Through his research, Jameson devised novel schemes for solving the Euler and Navier–Stokes equations for various flow problems, including multigrid methods for steady flow problems and dual time stepping schemes for unsteady flow. In 1985, he achieved "the first Euler calculation of the flow past a complete aircraft".

Beginning in 1970, he also wrote and developed the "FLO" and "SYN" series of codes, codes used throughout the aerospace industry to design aircraft. According to peers in the field of computational fluid dynamics, the "Jameson style" of writing codes is recognizably clear and legible. The FLO and SYN codes led to seminal multigrid finite volume methods to solving equations. Jameson's software implementations, including the FLO and SYN Fortran codes, advanced the state of aerodynamic design optimisation, as the codes were used by Airbus, Boeing, Bombardier, Embraer, and others.

==Awards==
Jameson was elected to several national and international academies, including the Royal Society in 1995, National Academy of Engineering in 1997, and Royal Academy of Engineering in 2005. His fellowships in professional societies included election as a fellow of the Royal Aeronautical Society in 2004 and as an honorary fellow of the American Institute of Aeronautics and Astronautics in 2018.

For his work on transonic potential flow, Jameson was given the NASA Exceptional Scientific Achievement Medal in 1980, which is awarded for "an unusually significant scientific contribution toward achievement of NASA's mission". In 1988, he was awarded the Gold Medal of the Royal Aeronautical Society.
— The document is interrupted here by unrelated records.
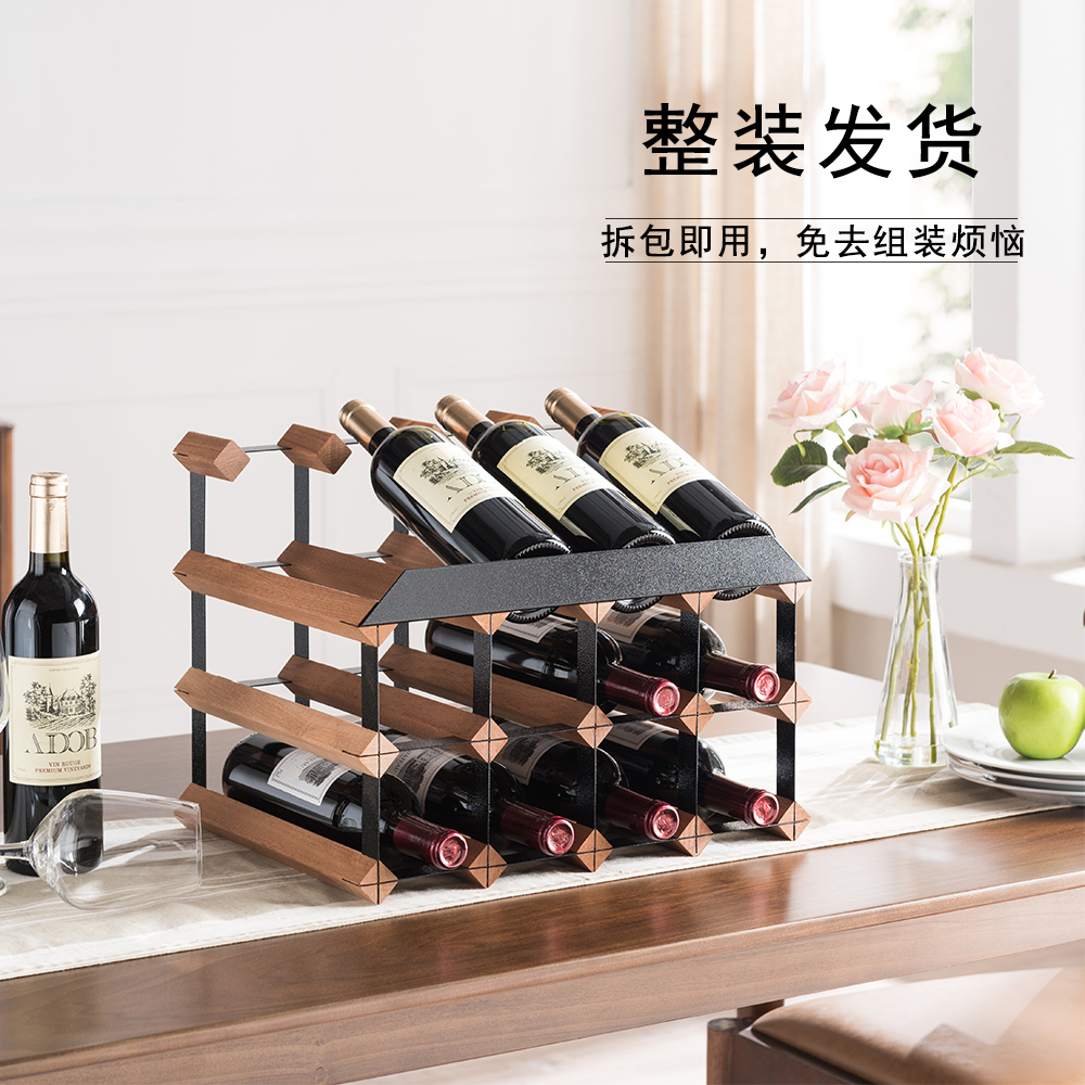 📚 红酒架摆件现代轻奢小酒架斜放展示创意酒窖酒柜实木架子置物架
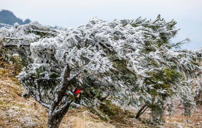 Do ảnh hưởng của đợt không khí lạnh tăng cường, băng tuyết phủ trắng xóa trên các ngọn cỏ cành cây, sương mù bao phủ trên phạm vi rộng hơn 10 km, tầm nhìn chỉ từ 2 đến 3 m...
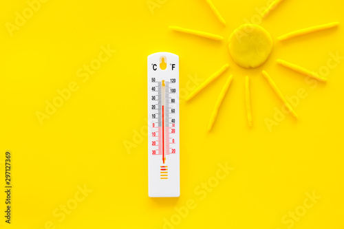 Sunny weather concept. Sun and thermometer on yellow background top view copy space
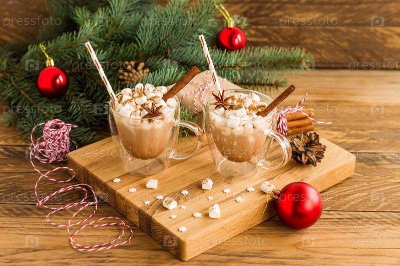 Новогодняя композиция из двух кружек с горячим какао и зефиром на деревянном фоне с еловой веткой и красными шариками
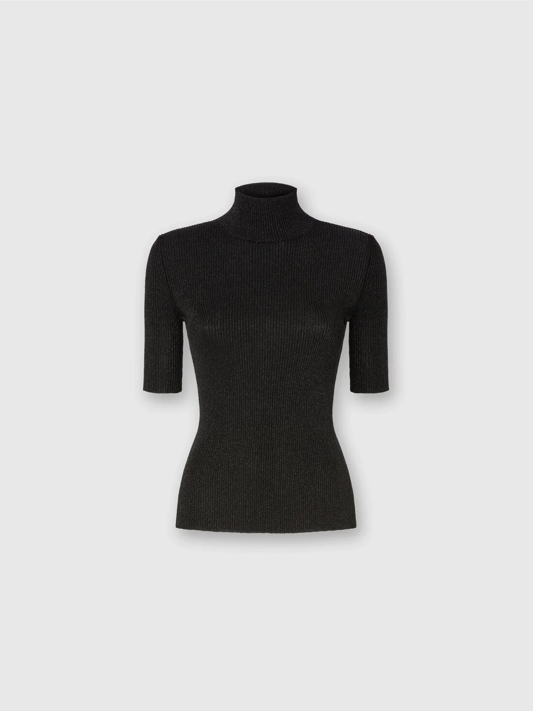 Perfect as a foundation for seasonal looks, this short-sleeve mock-neck women’s sweater in viscose and wool blend features refined vanise workmanship enriched with fine lame threads. The result is a versatile and luminous garment, ideal for adding a touch of discreet elegance to any outfit. MORE DETAILS - Short-sleeve mock neck sweater - Vanise knit - Viscose blend with lame threads Composition: EXTERNAL:88%Rayon, 12%Metal Fiber Care instructions: Dry cleaning in tetrachloroethene - mild process ; Ironing maximum temperature 110°C - without steam ; Do not tumble dry ; Dry flat ; Iron inside out ; Dry inside out ; Iron with a cloth between ; Do not wash ; Do not bleach Made in: Romania Product ID DS25WN13BK01BYL905E

The American Society of Mechanical Engineers awarded Jameson the 1995 Spirit of St. Louis Medal for "meritorious service in the advancement of aeronautics and astronautics", specifically his "contributions to computational fluid dynamics and for the development of many widely used computer programs that have immeasurably improved understanding of complex flow fields". The Elmer A. Sperry Board of Award, composed of six professional societies, awarded Jameson their 2006 Elmer A. Sperry Award "in recognition of his seminal and continuing contributions to the modern design of aircraft".

In 2015, the American Institute of Aeronautics and Astronautics awarded Jameson both the Daniel Guggenheim Medal "for exceptional contributions to algorithmic innovation and the development of computational fluid dynamic codes" and the Pendray Aerospace Literature Award "for seminal and high-impact research papers in the field of computational fluid dynamics and aerodynamic optimization". That same year, he won the John von Neumann Medal, the highest award of the U.S. Association for Computational Mechanics.